After leaving Bay City’s Central High School he played drums with “groups ranging from Dixieland to big bands to a very free New York quartet” while attending the University of Michigan and then the University of Wisconsin, but found himself out of step with the times and with the dominance of rock music.

“I was a conscientious objector to the 1960s,” he said. The convulsions America was experiencing as a result of the Vietnam War did not help, and when, in 1970, the jazz trumpeter Miles Davis released his fusion album Bitches Brew, Smith decided that the jazz game was up, and he sold his drum kit.

He visited London for the first time in the summer of 1971. Two years later – “figuring that a town with five symphony orchestras and a National Health Service was a pretty good place to be” – he and his flautist wife Lenore Ketola, from whom he was later divorced, came back and made it their home.

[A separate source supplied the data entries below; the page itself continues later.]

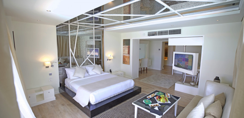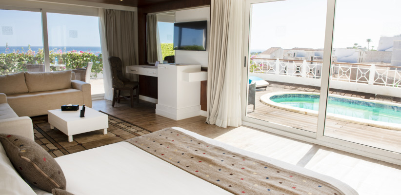 60 м2, спальня с кроватью king-size, лаундж-зона, гардеробная, ванная комната с душем, гидромассажной ванной и двумя раковинами, терраса с прямым выходом к общему бассейну. Максимальное количество гостей: 3 взрослых и 1 ребенок.Jacuzzi Suite – Posh Club
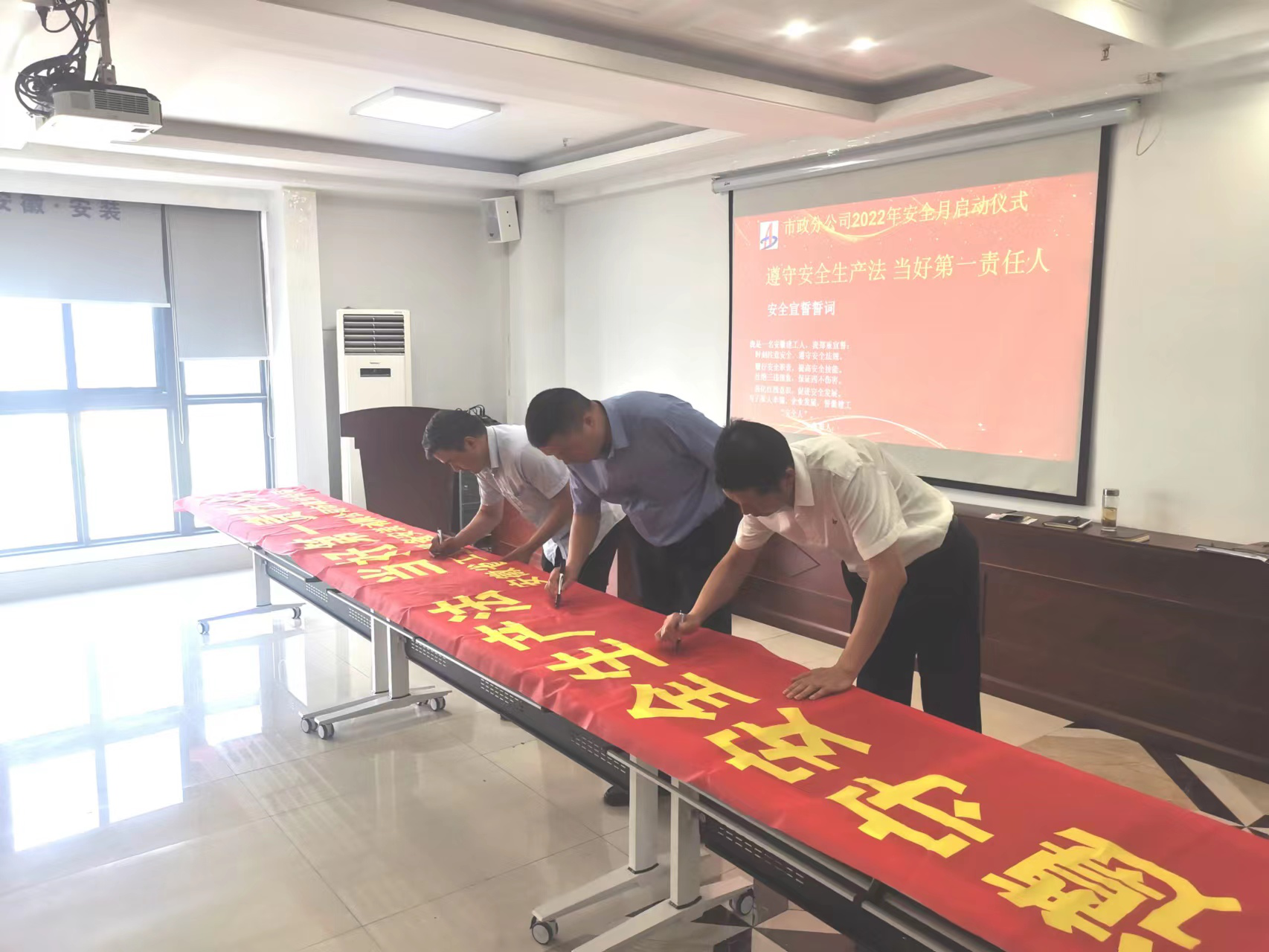 會(huì )議開(kāi)始前首先舉行了市政分公司2022年安全月啟動(dòng)儀式,分公司副經(jīng)理黃彥濤宣讀了第一責任人倡議書(shū),作了分公司安全生產(chǎn)月動(dòng)員講話(huà),與會(huì )人員集體安全宣誓,并在安全月主題條幅上簽名。
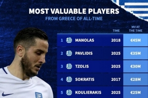 體育資訊11月16日訊 德國(guó)轉(zhuǎn)會(huì)市場(chǎng)統(tǒng)計(jì)了希臘球員的歷史最高身價(jià),并列出希臘球員歷史身價(jià)排名,馬諾拉斯4500萬(wàn)歐居首,帕夫利迪斯3500萬(wàn)歐次席。
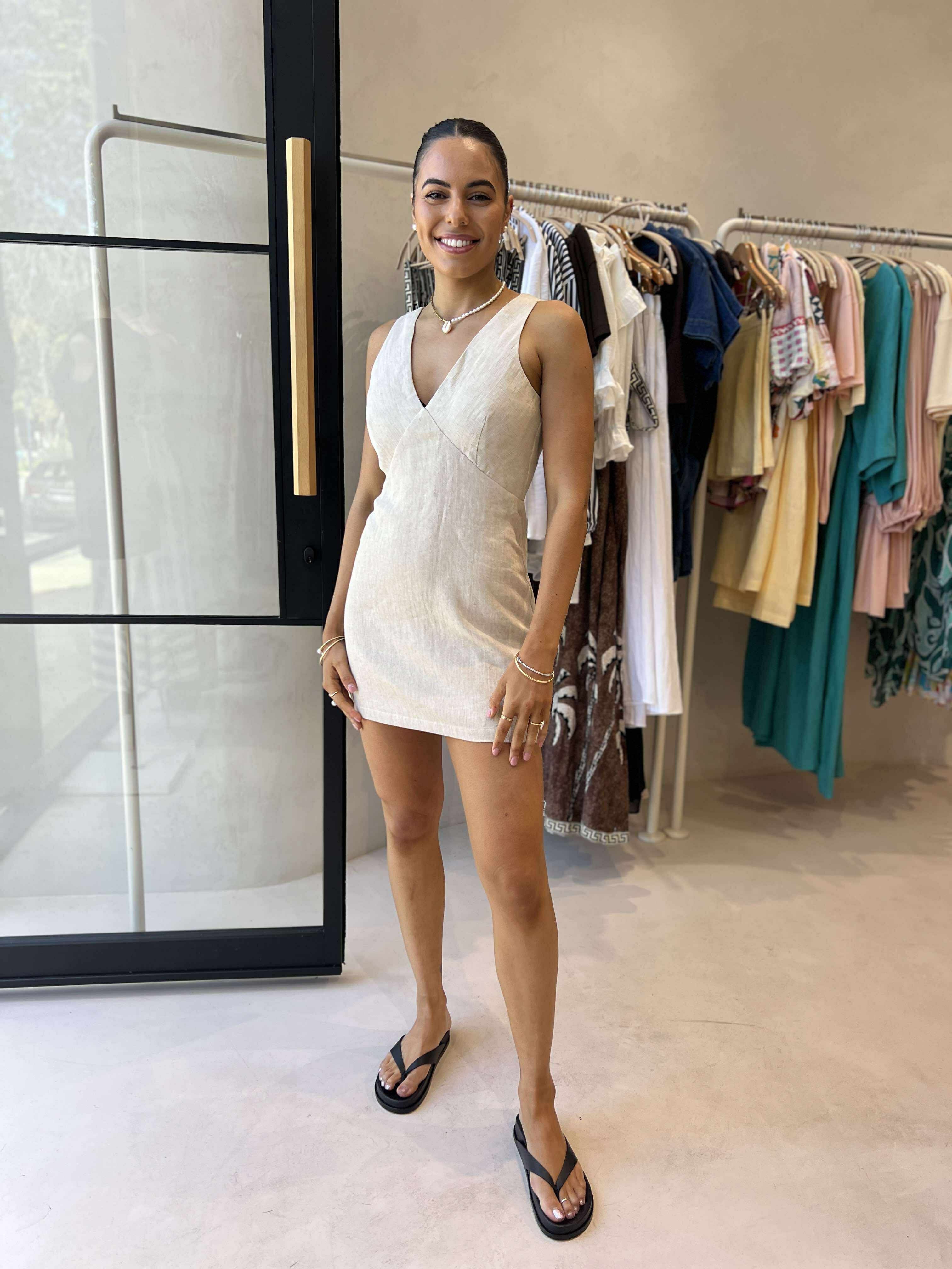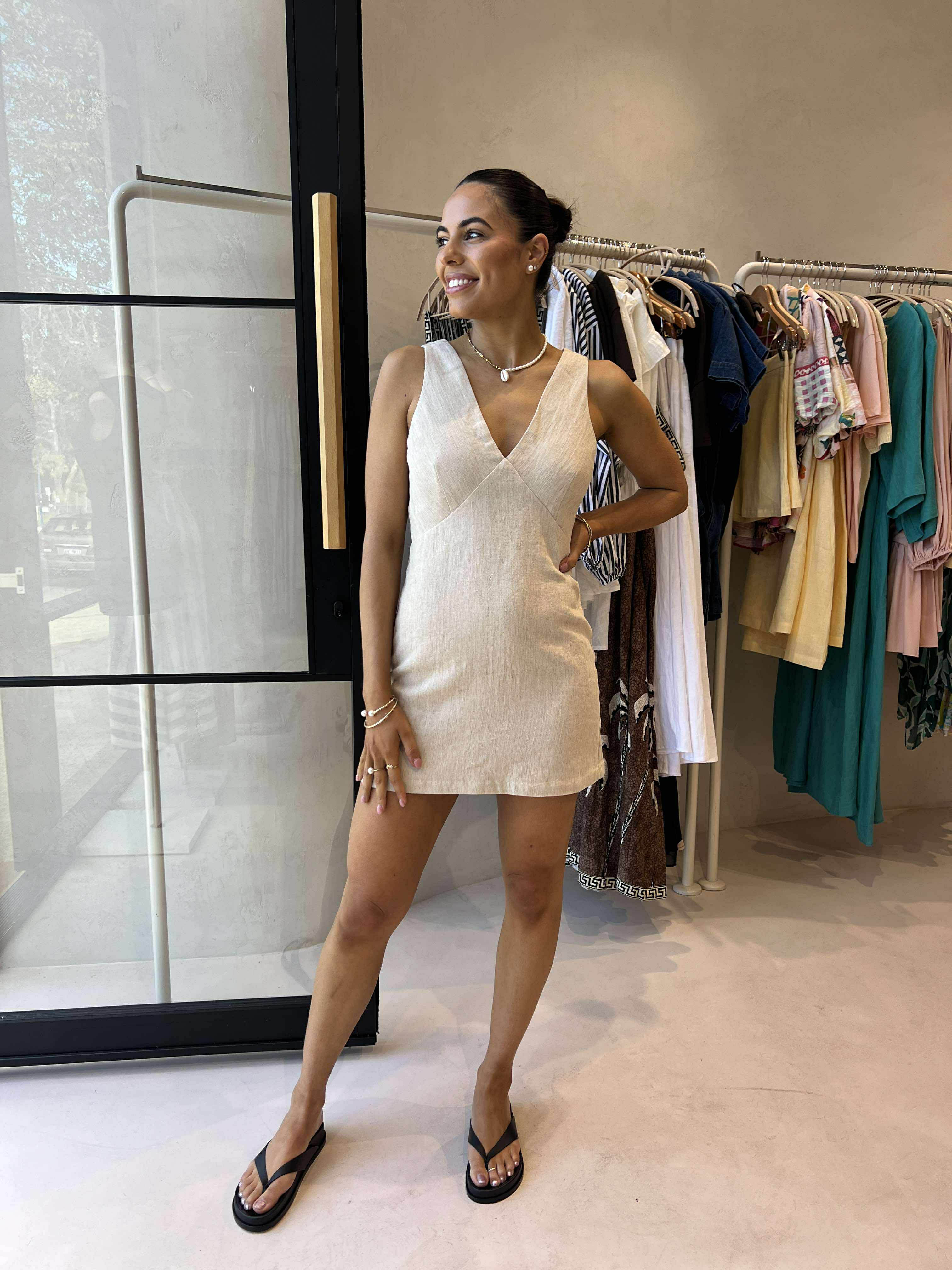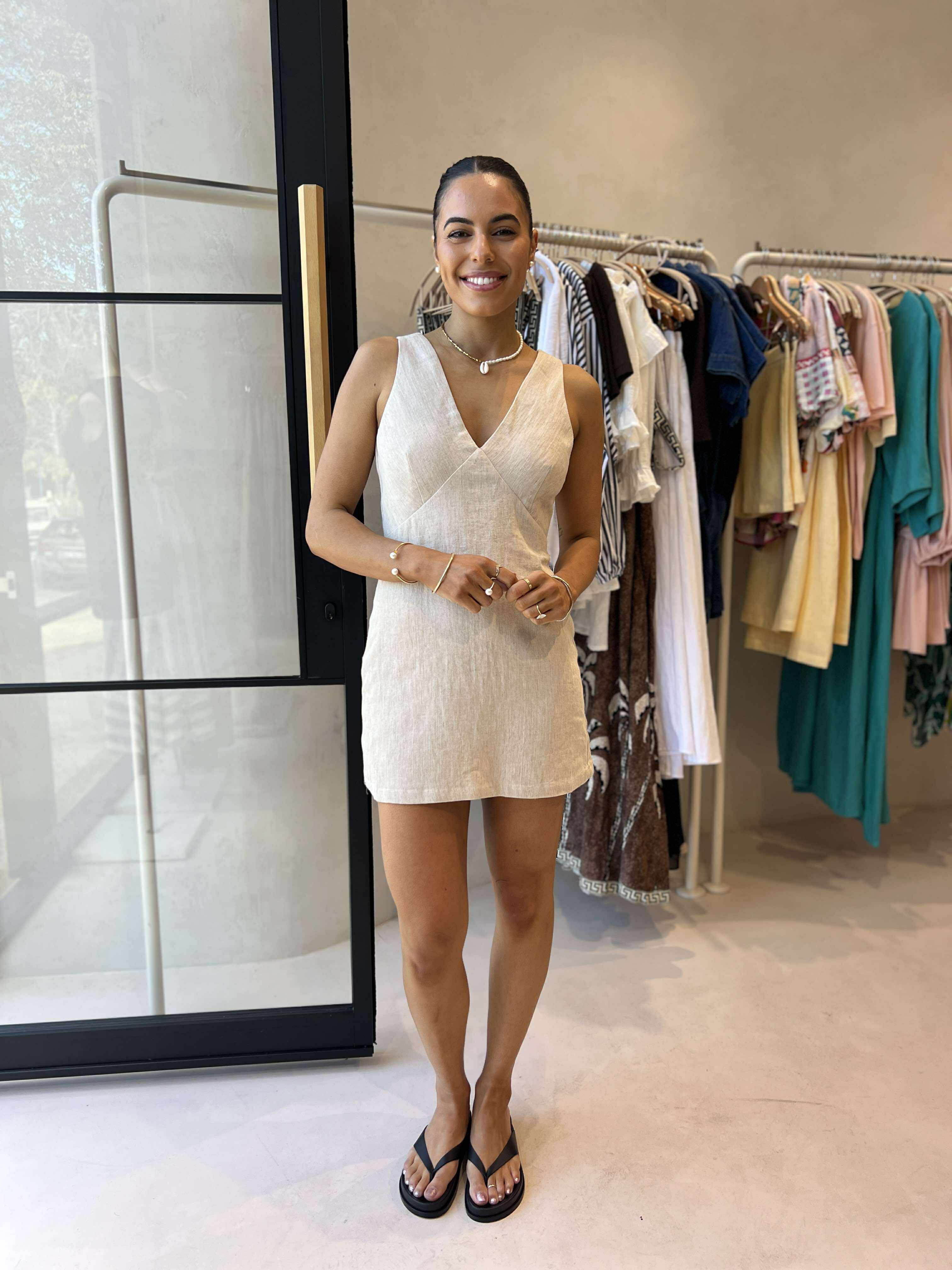 The Sabine Dress offers understated elegance with its flattering V-neckline and mini-length silhouette. An Ezra Blu exclusive to Frankii Clothing, it’s crafted from soft rayon and fully lined for comfort. Finished with an invisible back zip, this versatile piece is perfect for day-to-night styling.
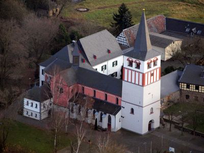 A Igreja de São Pancrácio é um templo católico romano em Oberpleis com uma fachada de pedra impressionante e elementos de design tradicional. O edifício exibe janelas em arco arredondado, uma torre maciça e trabalhos em pedra esculpida visíveis tanto no exterior quanto nos espaços interiores.
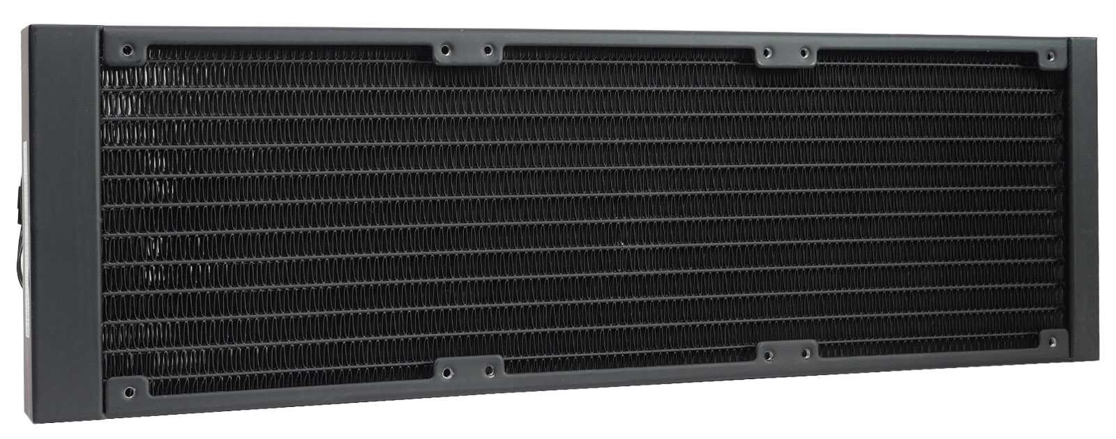 Радиатор сделан из алюминия, окрашенного в чёрный цвет. Производитель в документации упоминает о допустимости локальных непрокрасов в труднодоступных местах, что не влияет на качество охлаждения. Но таковые на протестированном экземпляре замечены не были. Всё окрашено очень качественно. Рабочее тело набрано двенадцатью каналами с заполнением пространства между ними алюминиевой гофрированной лентой. Длина каркаса с учетом служебных областей для закольцовки каналов составляет 397 мм.

Having established himself as a music critic, Smith gained his entrée to Radio 3 when his Grappelli book, published in 1987, led to a commission the following year to make a series about him. He became the regular presenter of Jazz Record Requests in 1991 on the death of Peter Clayton.

There was, Smith recalled, a hard core of requesters to the programme: “There’s a Dave Taylor in Lincolnshire who was always writing to me. The funny thing is that when I invited Humphrey Lyttelton to be the studio guest on the 40th-anniversary show, I asked him if he could remember the most persistent writer to the show. He said, ‘Oh yes, there was this chap called Dave Taylor…’ ”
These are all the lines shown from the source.